Glückwunsch! Grüße Ute
Liebe Ute,
herzlichen Dank für deine Rückmeldung. Da wir gemeinsam die Ausstellung besucht haben, ist mir dein Feedback sehr wichtig. Das waren schon zwei sehr interessante Ausstellungen, die wir in Düsseldorf besucht haben. Martin Schoeller und Peter Lindbergh. Nach der doch sehr aufwendigen Arbeit für diesen Beitrag bleibt Herr Lindbergh für meine Website vermutlich auf der Strecke.
Liebe Grüße, Barbara
Liebe Barbara,
was für eine Vielfalt!
Ästhetik zeigt sich hier höchst deutlich auf unterschiedlichste Art und Weise.
Dein Beitrag ist ein toller Zugang zu Schoellers Werk.
Beste Grüße
Daniel
Lieber Daniel,
danke für deine Rückmeldung! Es freut mich, dass mein Beitrag dir einen Einblick in die vielfältige Arbeit von Martin Schoeller verschafft hat.
Am besten ist es natürlich, sich selbst in der Ausstellung ein Bild zu machen.
Liebe Grüße
Barbara
Liebe Barbara,
das Werk von Schoeller ist sehr beeindruckend.

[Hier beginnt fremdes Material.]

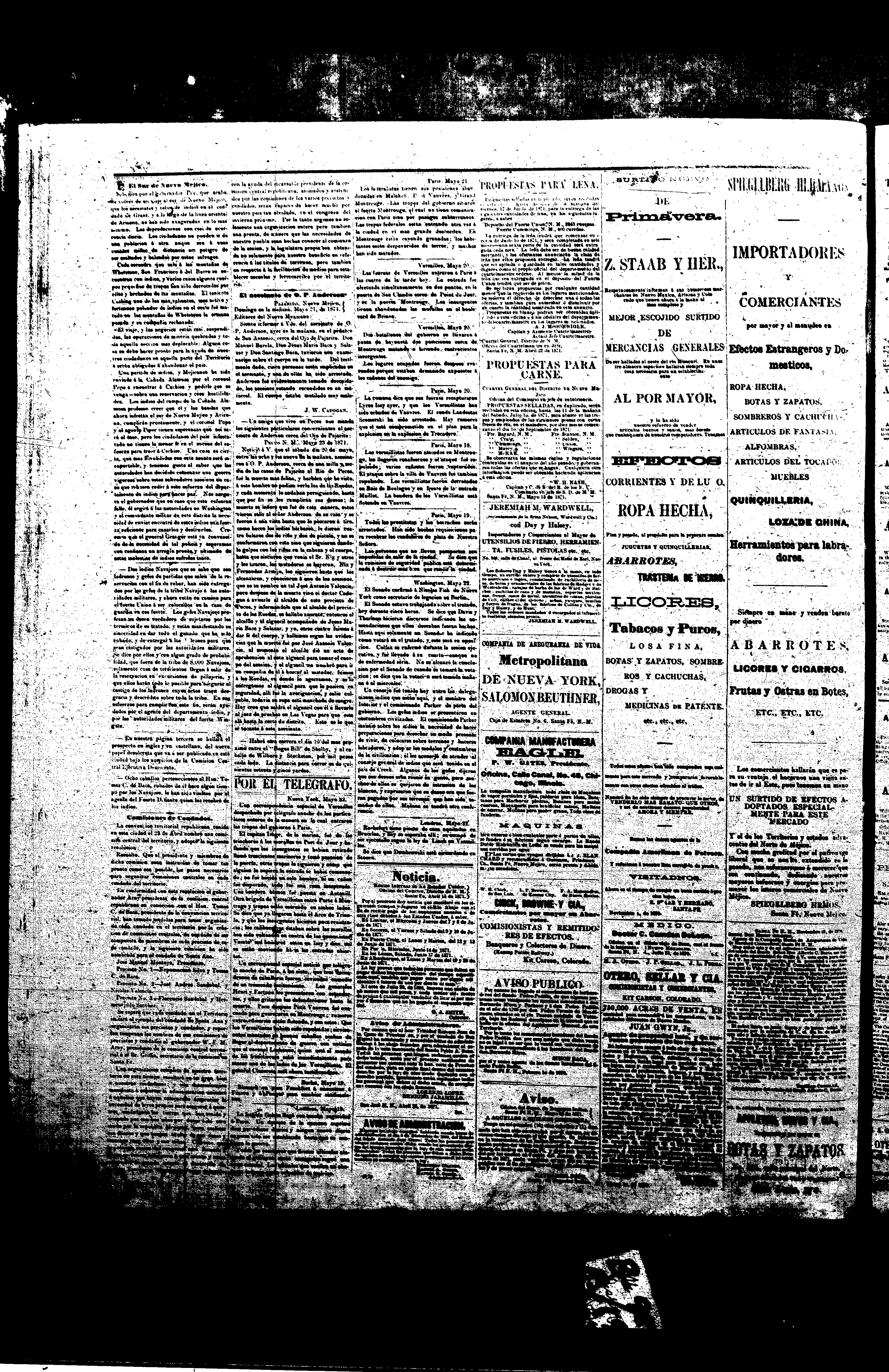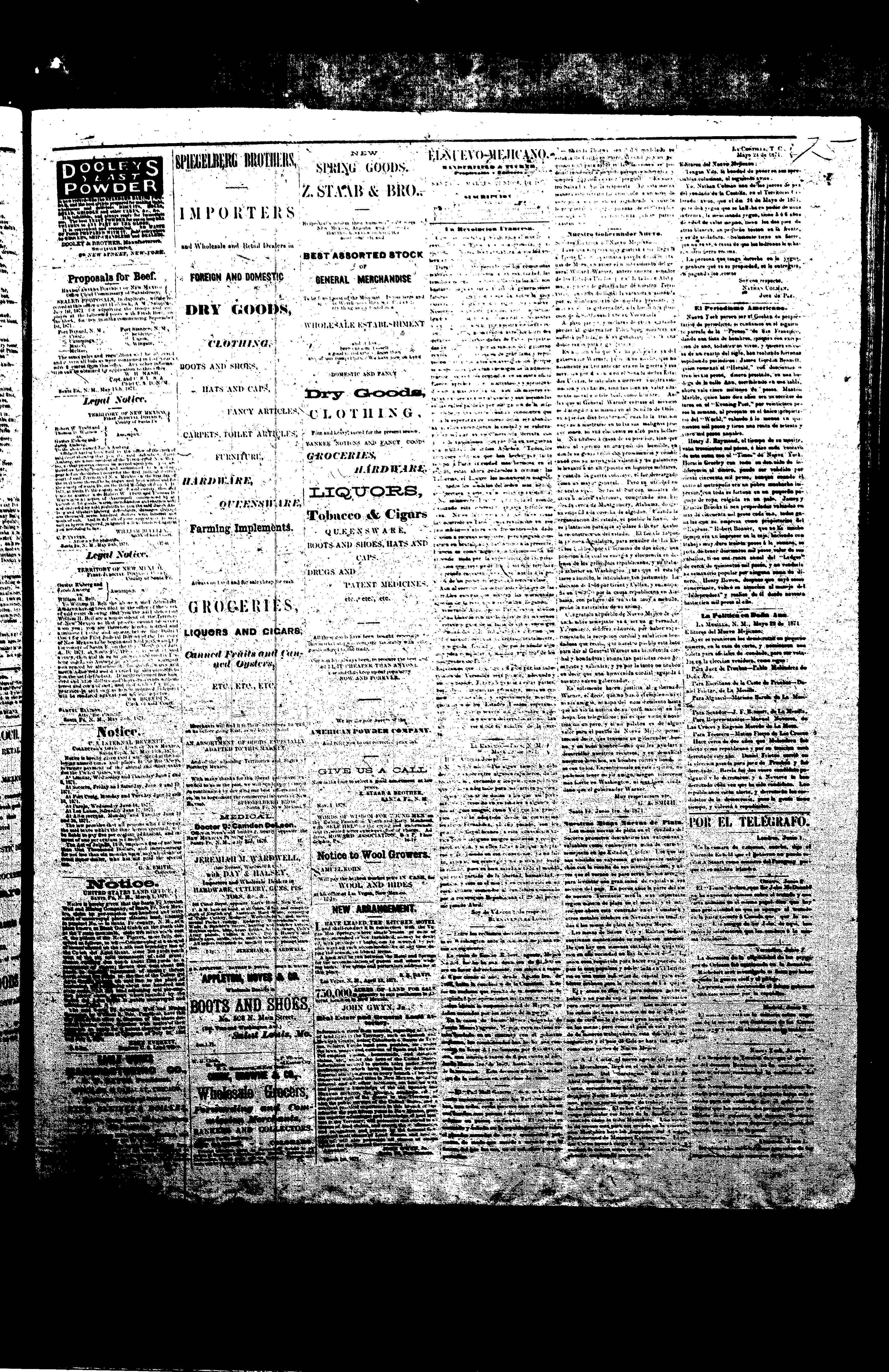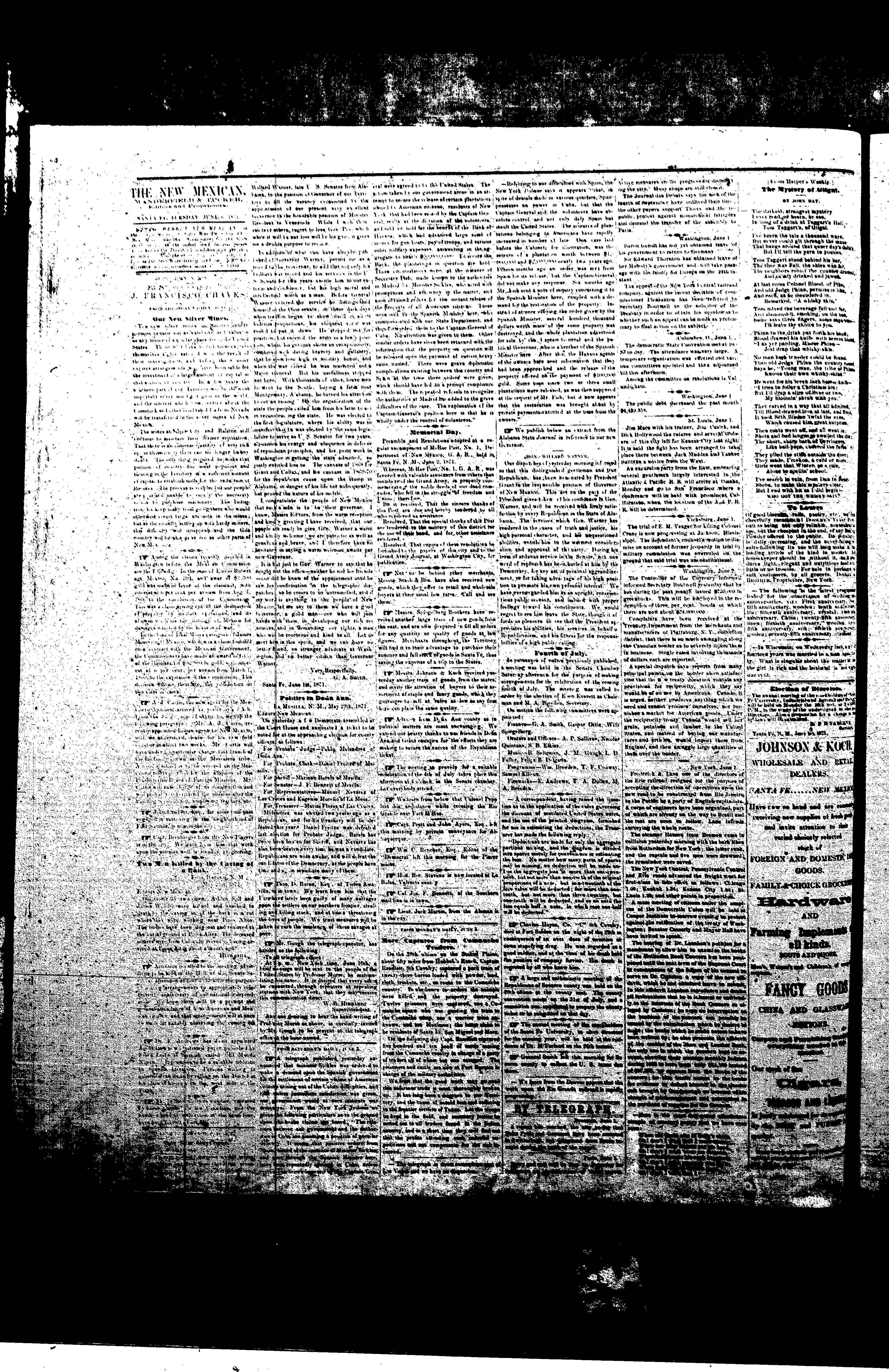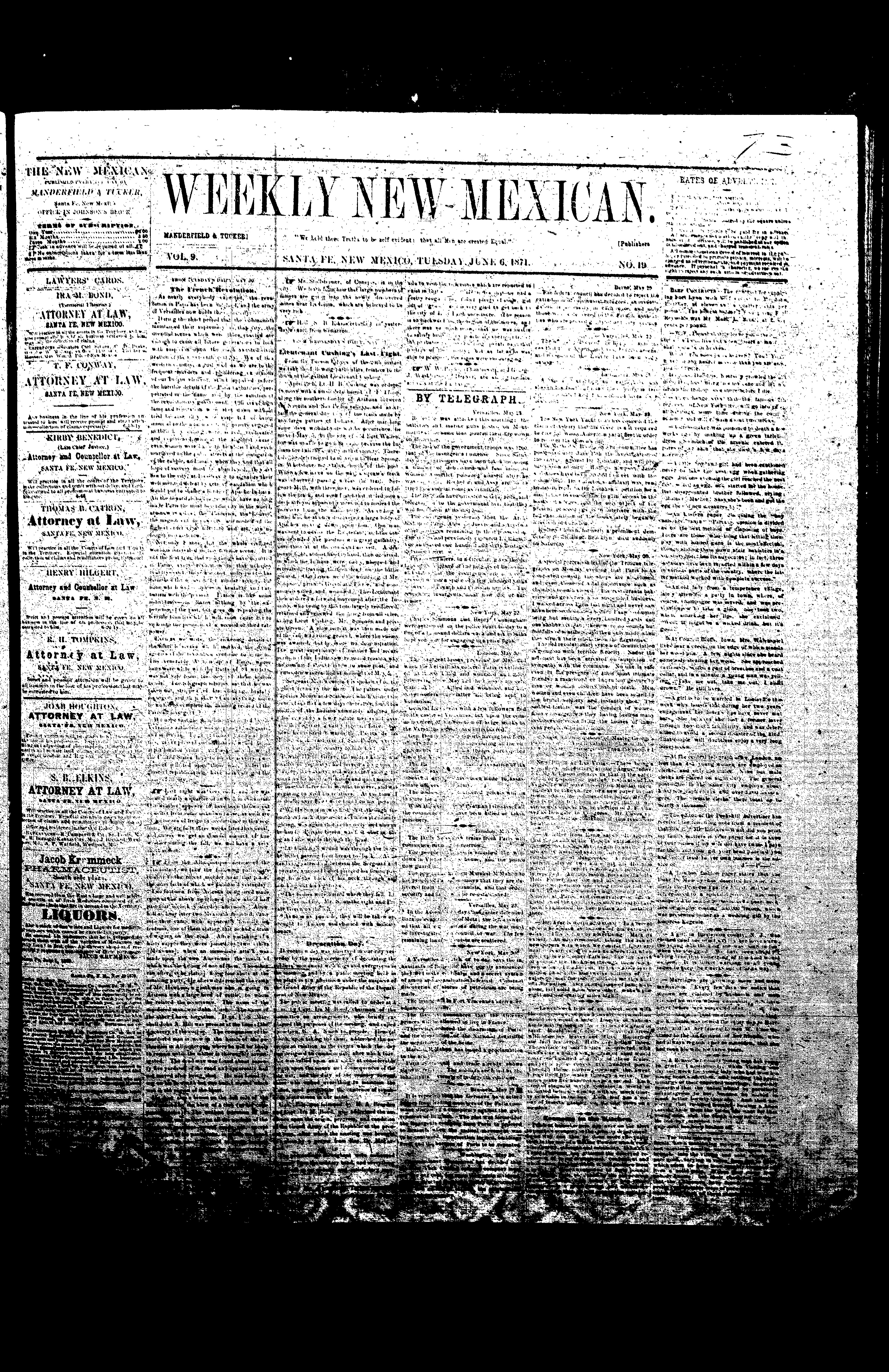 Weekly New Mexican (Santa Fe, New Mexico, United States), 1871, June 6. Periodicals in the US-Mexico Border Region. https://latinonewspapers.com/s/eng/item/7371.

Seine Fotos haben m. E. eine große suggestive Kraft und fesseln einen. Das Betrachten und Wirkenlassen der Bilder ist anstrengend. Sein Konzept ist genial und die Wirkung ist verblüffend. Durchaus beklemmend. Es wirkt sehr frontal und äußerst direkt. Der Abstand fehlt. Weder Obama noch Frau Merkel oder Jack N. wirken richtig sympathisch. Eine tolle Ausstellung und wieder ein ganz besonderer Bericht! Vielen Dank und beste Grüße!
Rainer
Lieber Rainer,
danke für deine Rückmeldung mit der präzisen Analyse von Martin Schoellers Fotos. Ich stimme dir voll zu. Die Nähe der Personen auf den Fotos zum Betrachter muss man aushalten. Schoeller konfrontiert uns mit Personengruppen, denen man nicht alltäglich begegnet. Eine Aufforderung zur Reflexion!
Richtig betroffen gemacht haben mich allerdings seine Fotos von Holocaust – Überlebenden in der Ausstellung Survivors auf Zollverein. Dadurch, dass die Ausstellung in Düsseldorf eine thematisch breit gefächerte Werkschau über 10 Jahre ist, hat das einzelne Thema eine nicht so starke Wirkkraft.
Liebe Grüße
Barbara
Unglaublich diese Bilder – eine eindrucksvolle Darstellung unterschiedlichster Themen. Martin Schoeller ist unbedingt sehenswert. Diese Vielfalt ist wie das wahre Leben – eben bunt. Und was der eine als schön empfindet, mag den anderen abstoßen. Die Art der Darstellung ist gewaltig. Die Wirkung auf den Betrachter ist teilweise so stark, dass es ihn fast erschlägt. Aber auf jeden Fall faszinierend. Ich habe mit großem Interesse deinen Beitrag verfolgt und finde es klasse, dass du uns daran teilnehmen lässt. Großartige Bilder, die du festgehalten hast!
Liebe Angelika,
danke für deine ausführliche und differenzierte Rückmeldung! Ich schätze an Martin Schoeller seinen Stil der Fotografie, besonders bei den Close Ups, aber auch seinen Humor, den er bei den Portraits einsetzt. Ich bin ebenso angetan von seinen vielfältigen sozialen Projekten, mit denen er den Betrachter konfrontiert. Besonders beklemmend fand ich die Death Row Exonorees und ihre Leidensgeschichten.